Sortant une photo de l'une des poches intérieurs de sa poche, Tseng la pose sur la table entre Cloud et moi. Prenant la photographie en mains, Cloud écarquille les yeux de surprise, mais n'a pas le temps d'interroger mon futur beau-fils que ce dernier reprend la parole:
-Cette photo représente le véritable Cid. Il est hétéro et est allergique aux poils d'animaux. Comme vous pouvez le constatez, il est métis et est âgé de 74 ans. À moins de se colorer la peau, Liar n'aurait jamais du commettre ce genre d'erreurs s'il souhaitait ne pas se faire reconnaître.
Des chaises qui tombent avec fracas nous font nous retourner Tseng, Cloud et moi pour constater que Cid, non Liar, est entrain de s'enfuir!
-Retenez votre souffle! hurle Fenrir.
Trop tard. Sans comprendre ce qu'il nous arrive Cloud et moi perdons connaissance...
Ayant réagi avec rapidité, Tseng et Fenrir retiennent leur souffle lorsqu'une fumée à l'étrange odeur apparaît, causée par une bombe qui au lieu d'exploser propage un puissant chloroforme dans tous le bâtiment!
Sortant tous deux du bâtiment envahi par la fumée, Tseng, yeux plissés, esquive difficilement le coup de lance de Liar qui arrache un pan de sa veste et de sa chemise.
Profitant que son adversaire a la vue floue, Liar attaque de nouveau.
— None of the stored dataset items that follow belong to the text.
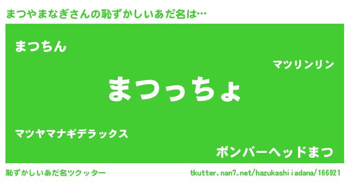 | ヘコむあだ名 | 『なまこ酢』『まつやまなぎ(笑)』 |
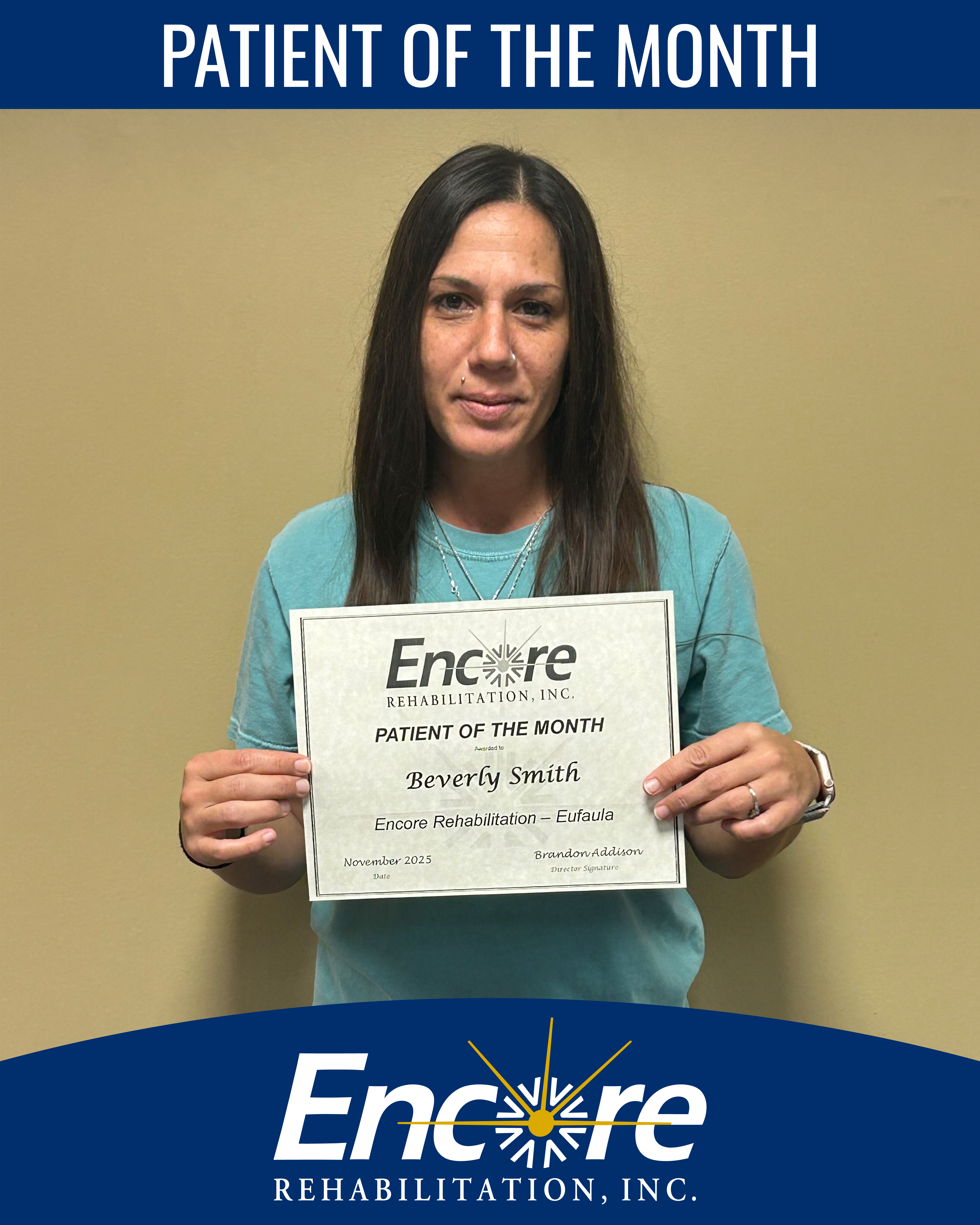 Thank you, Ms. Smith for choosing Encore Rehabilitation-Eufaula to be your Rehab Provider of choice! We LOVE to see you move and are very proud to select you as our Patient of the Month! We wish you continued good health!
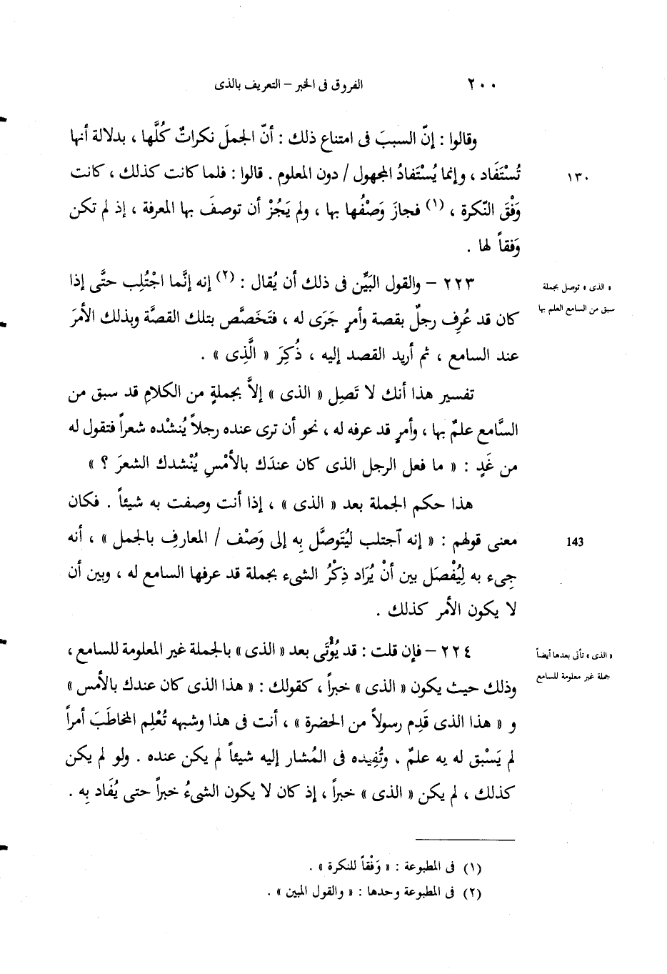 223 - والقول البين في ذلك أن يقالَ2: إنَّه إنَّما اجتُلِبَ حتى إذا كان قد عُرِفَ رَجلٌ بقصةٍ وأمْرٍ جَرى له، فتخصَّص بتلك القِصة وبذلك الأمِر عندَ السَّامعِ، ثم أُريدَ القصْدُ إليه، ذُكِرَ "الذي".
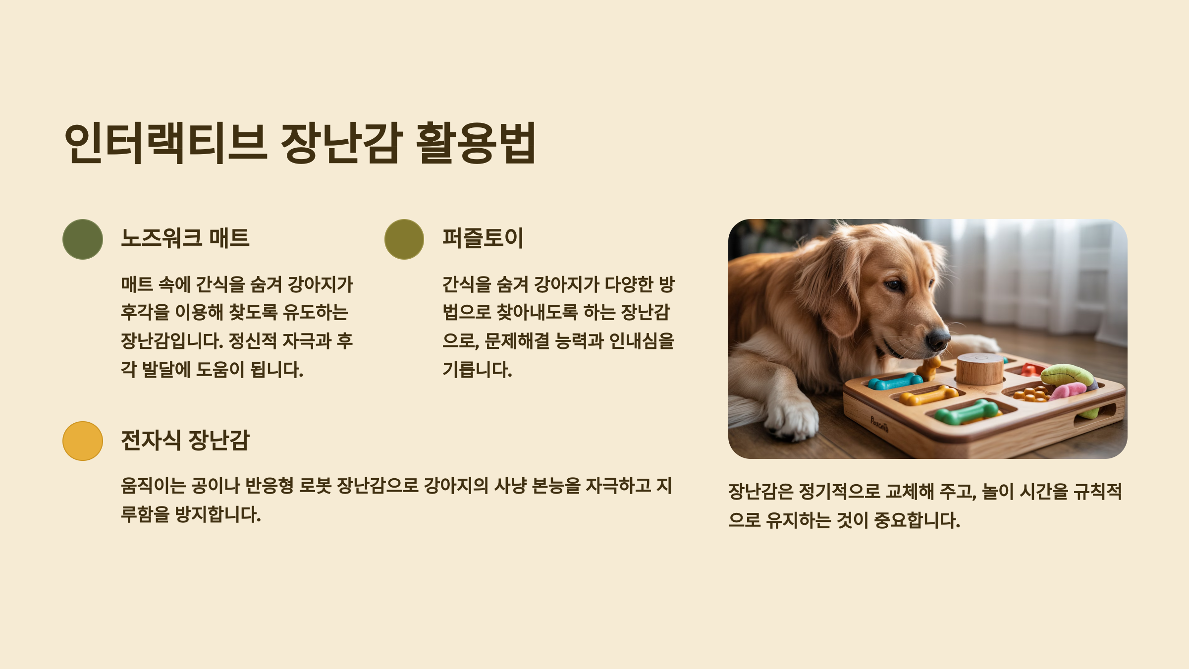 인터랙티브 장난감의 가장 큰 장점은 강아지의 독립성을 키워준다는 거예요. 혼자서도 즐겁게 시간을 보낼 수 있게 되면 분리불안이 줄어들고, 보호자가 없을 때도 안정적으로 지낼 수 있어요. 하지만 이런 장난감이 보호자와의 놀이 시간을 완전히 대체할 수는 없다는 점을 기억해야 해요.

Bien qu'il ait les yeux douloureux, Tseng esquive, contre-attaque après avoir ramassé une branche d'arbre, mais un coup en traitre de la part de Liar le fait tomber à terre, la pointe de la lance à quelques millimètre de sa gorge.
C'est un grognement, sourd, menaçant, qui avertit les deux hommes qu'ils ne sont pas seuls. Tournant la tête vers le son, Tseng et Liar ouvrent de grands yeux en voyant un loup à l'endroit précis où se trouvait Fenrir!
Se souvenant de quoi est capable l'étrange adolescent, Liar tremble de la tête aux pieds! Il tremble tellement qu'il se détourne de Tseng pour prendre la fuite!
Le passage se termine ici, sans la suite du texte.